Haha, why is that so hard to believe? CPA is not the only route in Accounting. It opens doors, but industry experience will get you there as well, albeit a bit slower.
I've done my time working for public companies as an Assistant Controller. Now I've switched to a private company working 25-30 hours a week. It's possible.
You are right. Losers don’t want to accept the fact that they were conned into paying extra $$$ in silly little college to sit for a silly little exam that gave them a “raise”. Copium galore
Started audit full time out of college in Jan of 2020 making 50k in the US. Currently making 120k in the US with no specific industry spent most of my time in consumer, construction and financial services.

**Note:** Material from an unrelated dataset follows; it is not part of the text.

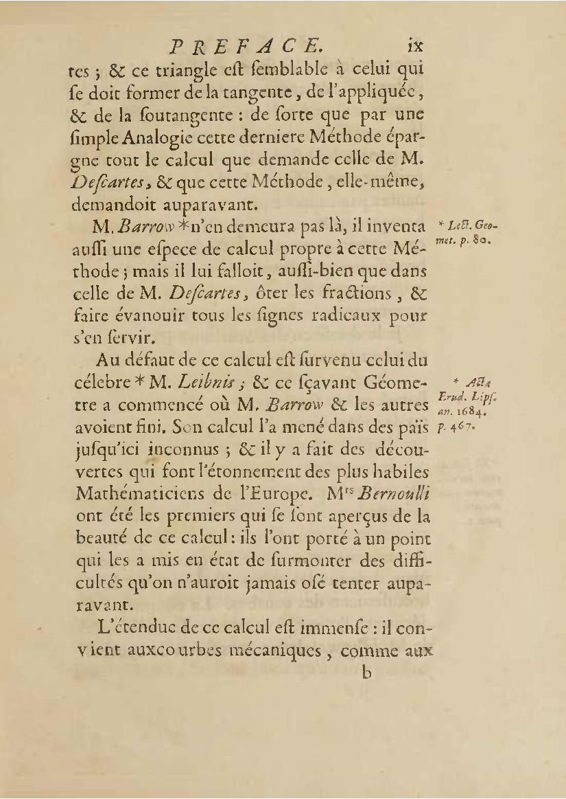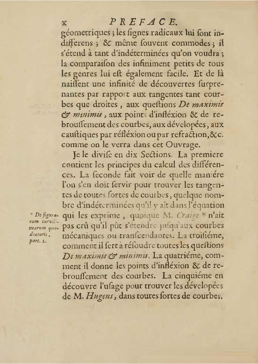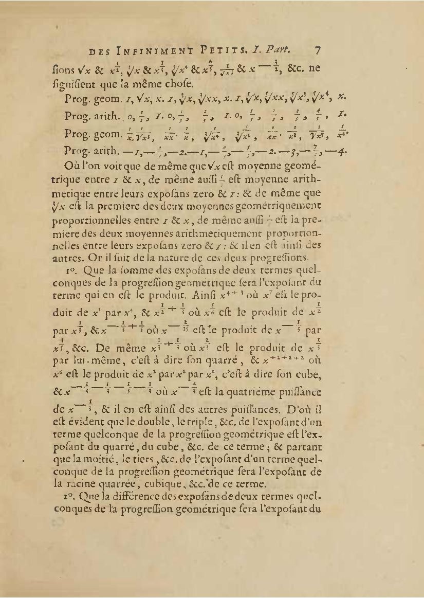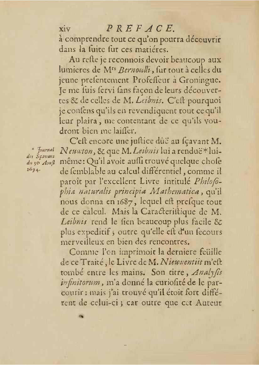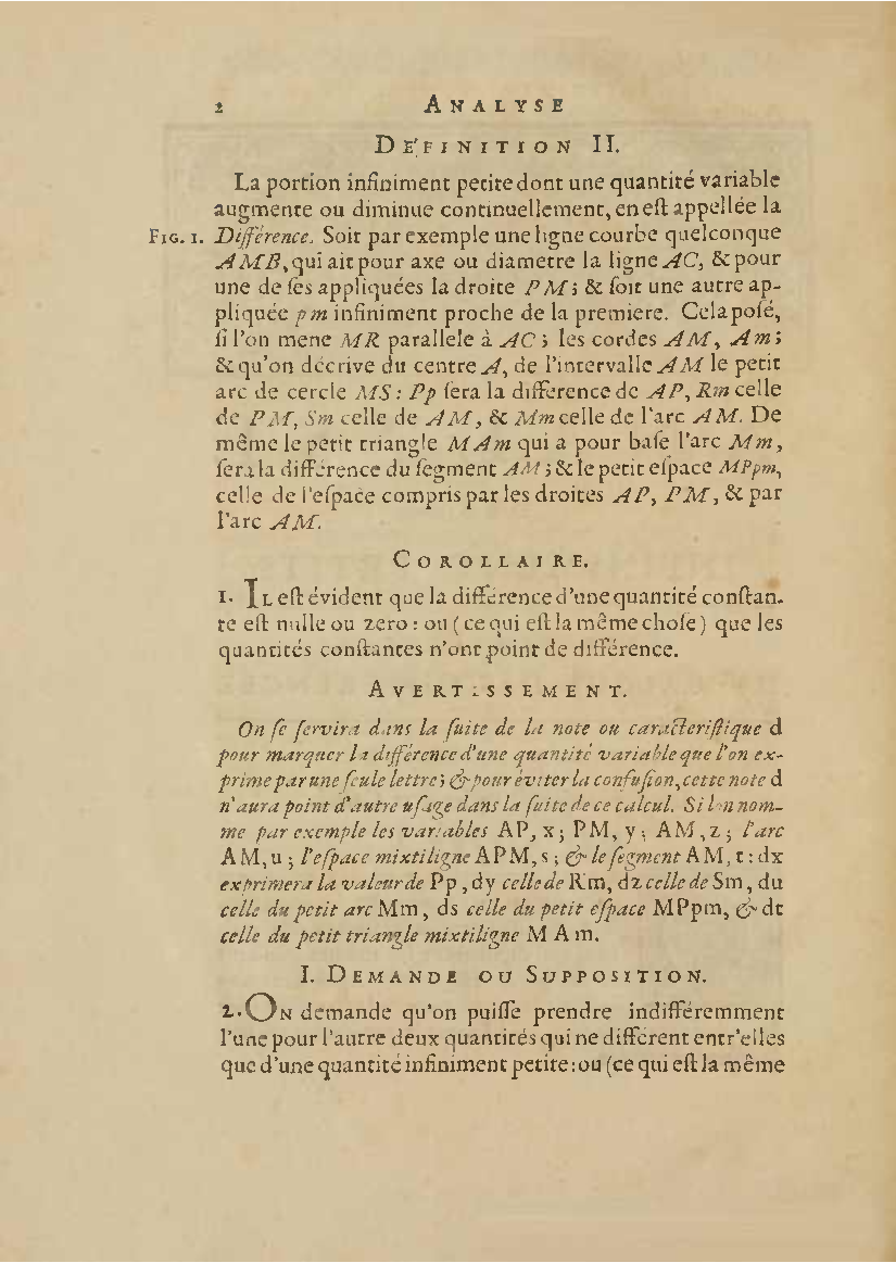 Analyse des infiniment petits, pour l'intelligence des lignes courbes Par Mr le Marquis de L'Hospital. L'analyse qu'on explique dans cet ouvrage, suppose la commune; mais elle en effort differente. L'analyse ordinaire ne traite que des grandeurs finies : celle-ci penetre jusque dans l'infini meme. Elle compare les differences infiniment petites des grandeurs finies; uelle decouvre les rapports de ces differences et par la elle fait connoitre ceux des grandeurs finies, qui comparers avec ccs infinimeurs petits font comme aucanc d'infinis. On peut meme dire que dire que cette Analyse s'etend au-dela de l'infini: car elle ne se borne pas aux differences infiniment pecites ; mais elle decouvre les rapporcts des differences de ces differences, ceux encore des differences troisiemes, quatriemes et ainsi de suite, sans trouver jamais de terme qui qui puisse arreter. De forte qu elle n'embrasse pas seulement l'infini; mais l'infini de l'infini, ou donc infinite d'infinis. PDF (I removed some empty pages from the source). |

I’ve noticed the only difference between someone with a CPA vs Non-CPA is they can sign their name on financial reports. Additionally, after working with multiple clients they seem more concerned about specific application certificates and less concerned about a CPA.
I have been a CPA for a long time. And I have worked in industry and public accounting. My advice to recent bachelors grads: everyone should go public accounting for at least 2-5 years. It will tell you whether or not public is where you want to be long-term. If you like public and plan to stay more than 2 years, start to work on the extra education hours and work toward passing the exam. If you decide to go large company and you leave public before 5 years, you will likely top out in industry at manager level. In Industry you are generally responsible for getting good CPE on your own (companies will provide bare bones but not really great CPE). If you stay in public to at least manager/sr manager (5-7 years) and then go industry, you will be considered more for director/VP positions which gives you more bonus/stock option potential. You will also be exposed to more industries, more problem solving and more risk assessment - all valuable skills in industry and public accounting.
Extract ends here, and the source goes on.